Arrived here fresh from Venice, Philomena directed by Stephen Frears more than fulfills the buzz. Frears has stumbled with such recent efforts as Cheri but in this searing story of the search for a lost adopted child -- and an indictment of aspects of Catholicism --he's again in top form. As the "inciting incident" (in moviespeak), Martin (Steve Coogan), a world-weary political journalist, gets bounced from his job, then wooed by an editor interested in "human interest" stories, a genre for which Martin has only contempt. Enter humble single mother and devout Catholic, Philomena (Judi Dench), who remains haunted by the disappearance of her little boy, literally sold to American buyers by the Sisters in an Irish abbey for wayward -- i.e. pregnant -- girls. The consuming joint search of Martin and Philomena for a boy swallowed by cruel circumstance becomes the very human interest story Martin has so disdained.

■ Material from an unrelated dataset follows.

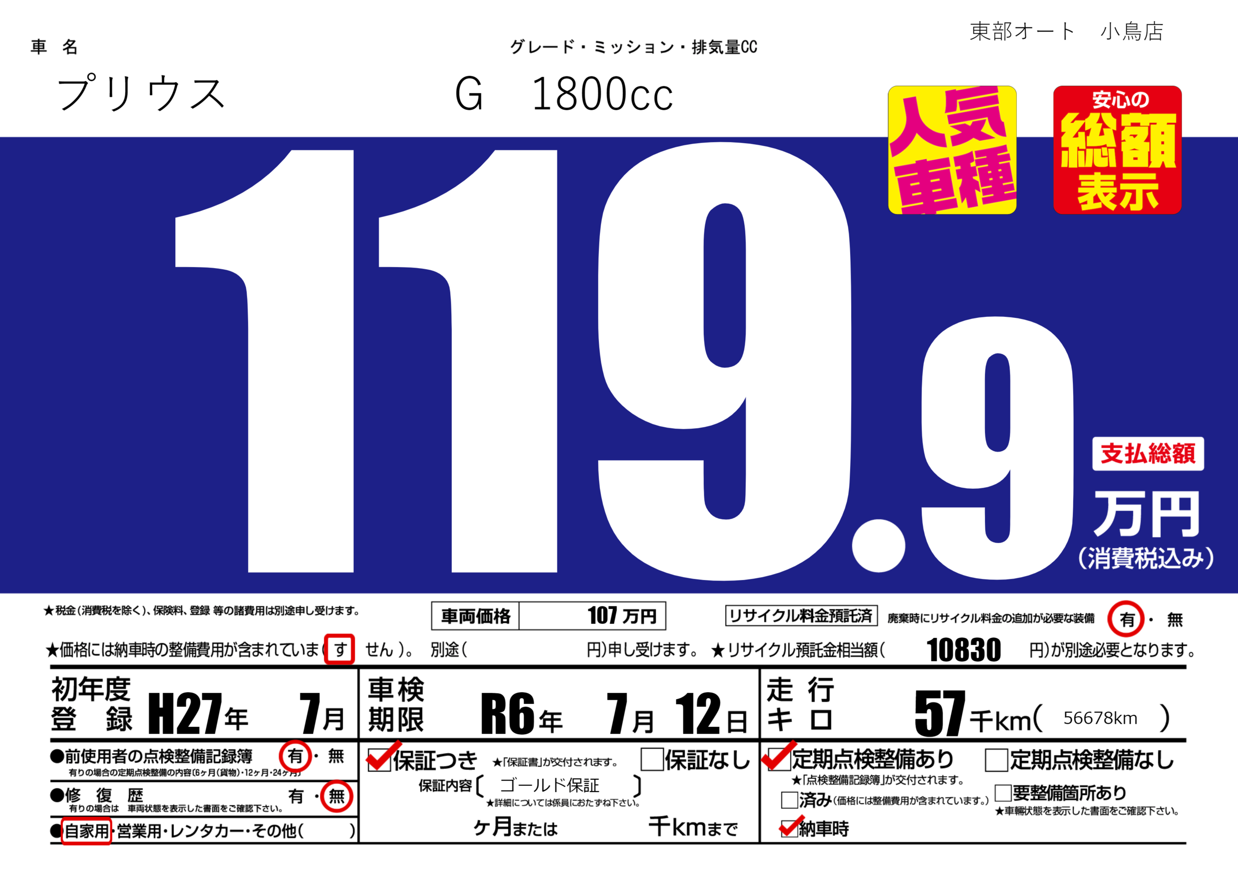 | 車名 | プリウス | グレード ミッション 排気量 |

The subject of pregnant Irish girls forced into slave labor in church-run homes is familiar from Peter Mullan's The Magdalene Sisters. But in Frears's telling, the subject remains fresh due to a brilliant screenplay which explores the dynamic bond of cynical Martin and pious Philomena, surprising at every turn. While the theme of a mother's disappeared child is in itself heart-breaking, Frears makes the story especially haunting when the child's destiny as a successful lawyer--and beyond--is finally uncovered. But given Frears's social concerns, this is no mere weeper. In exposing the machinations and concealments the Irish Sisters use to separate mother and child, he mounts a scathing critique of righteous villainy under the guise of saintliness. The story's complex resolution, which I will not reveal, is deeply satisfying.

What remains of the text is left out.